YOUR ASSIGNMENT »
Make an exact transcript of the lines in the data below, starting with the one containing "- 5 метров." and going on through the one containing "The people in", with both included and the pictures left out.
── DATA LISTING
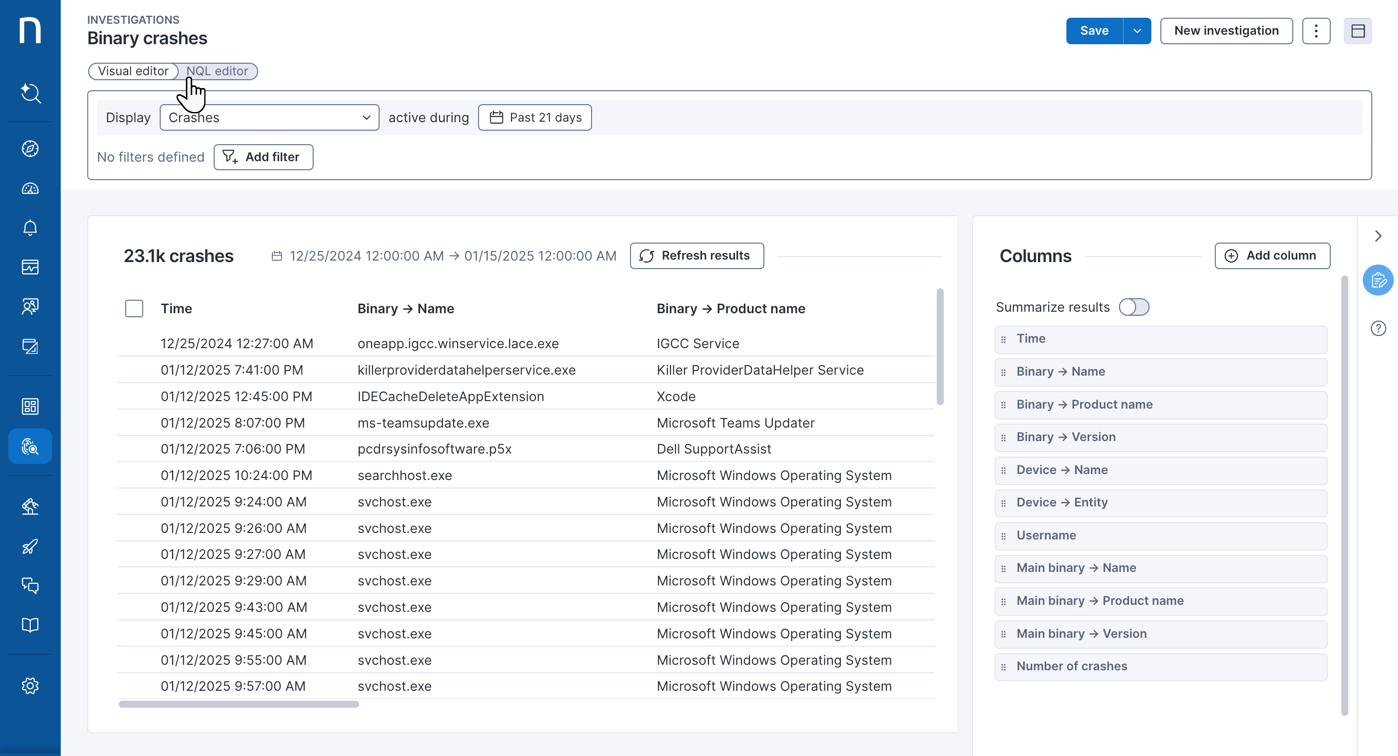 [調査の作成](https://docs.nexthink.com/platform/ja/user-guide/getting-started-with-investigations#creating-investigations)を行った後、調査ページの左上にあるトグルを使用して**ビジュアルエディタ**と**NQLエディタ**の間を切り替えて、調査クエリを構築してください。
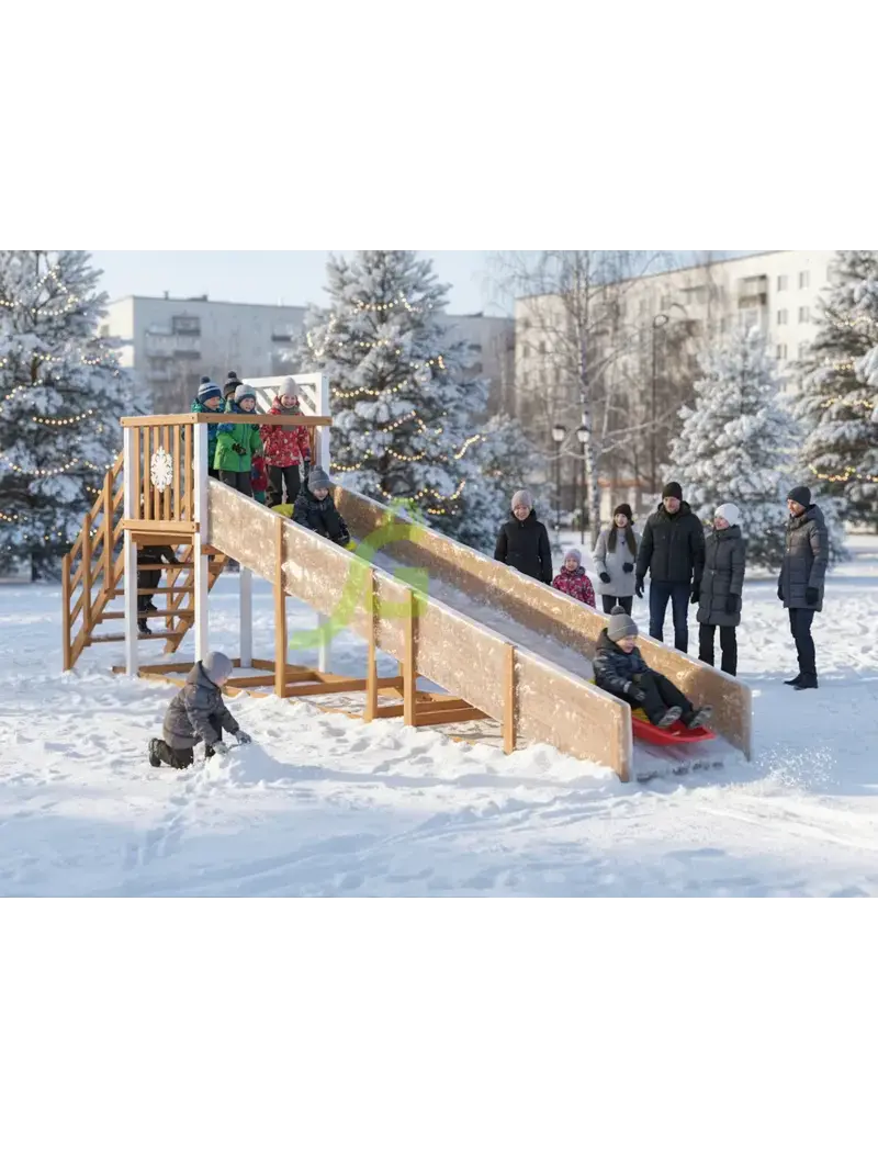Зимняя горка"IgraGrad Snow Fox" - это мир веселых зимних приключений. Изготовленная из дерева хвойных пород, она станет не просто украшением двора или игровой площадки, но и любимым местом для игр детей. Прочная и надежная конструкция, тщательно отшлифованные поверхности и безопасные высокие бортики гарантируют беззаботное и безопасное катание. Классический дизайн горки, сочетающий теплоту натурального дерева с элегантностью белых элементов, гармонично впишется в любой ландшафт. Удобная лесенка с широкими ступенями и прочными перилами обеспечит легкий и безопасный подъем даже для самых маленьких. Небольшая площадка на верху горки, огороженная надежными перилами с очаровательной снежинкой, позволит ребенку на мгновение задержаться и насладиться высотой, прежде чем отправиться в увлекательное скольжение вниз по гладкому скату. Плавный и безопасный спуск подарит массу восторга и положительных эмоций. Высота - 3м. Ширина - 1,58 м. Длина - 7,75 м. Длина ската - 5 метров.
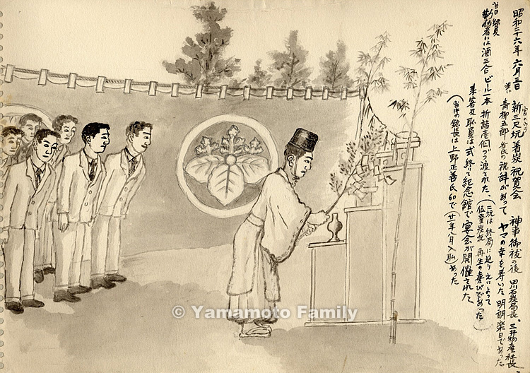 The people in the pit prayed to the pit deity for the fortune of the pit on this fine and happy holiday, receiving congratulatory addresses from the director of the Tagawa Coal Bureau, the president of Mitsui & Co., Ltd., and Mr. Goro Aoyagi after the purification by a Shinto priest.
────
── DATA LISTING
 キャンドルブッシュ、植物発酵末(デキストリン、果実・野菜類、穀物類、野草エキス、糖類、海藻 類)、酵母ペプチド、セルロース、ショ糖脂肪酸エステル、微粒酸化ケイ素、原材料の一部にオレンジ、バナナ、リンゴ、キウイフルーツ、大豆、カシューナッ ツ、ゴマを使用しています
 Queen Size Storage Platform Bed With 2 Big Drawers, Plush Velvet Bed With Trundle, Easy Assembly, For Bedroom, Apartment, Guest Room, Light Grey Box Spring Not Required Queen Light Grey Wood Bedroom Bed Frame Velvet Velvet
────
EXERCISE RESPONSE »
Зимняя горка"IgraGrad Snow Fox" - это мир веселых зимних приключений. Изготовленная из дерева хвойных пород, она станет не просто украшением двора или игровой площадки, но и любимым местом для игр детей. Прочная и надежная конструкция, тщательно отшлифованные поверхности и безопасные высокие бортики гарантируют беззаботное и безопасное катание. Классический дизайн горки, сочетающий теплоту натурального дерева с элегантностью белых элементов, гармонично впишется в любой ландшафт. Удобная лесенка с широкими ступенями и прочными перилами обеспечит легкий и безопасный подъем даже для самых маленьких. Небольшая площадка на верху горки, огороженная надежными перилами с очаровательной снежинкой, позволит ребенку на мгновение задержаться и насладиться высотой, прежде чем отправиться в увлекательное скольжение вниз по гладкому скату. Плавный и безопасный спуск подарит массу восторга и положительных эмоций. Высота - 3м. Ширина - 1,58 м. Длина - 7,75 м. Длина ската - 5 метров.
 The people in the pit prayed to the pit deity for the fortune of the pit on this fine and happy holiday, receiving congratulatory addresses from the director of the Tagawa Coal Bureau, the president of Mitsui & Co., Ltd., and Mr. Goro Aoyagi after the purification by a Shinto priest.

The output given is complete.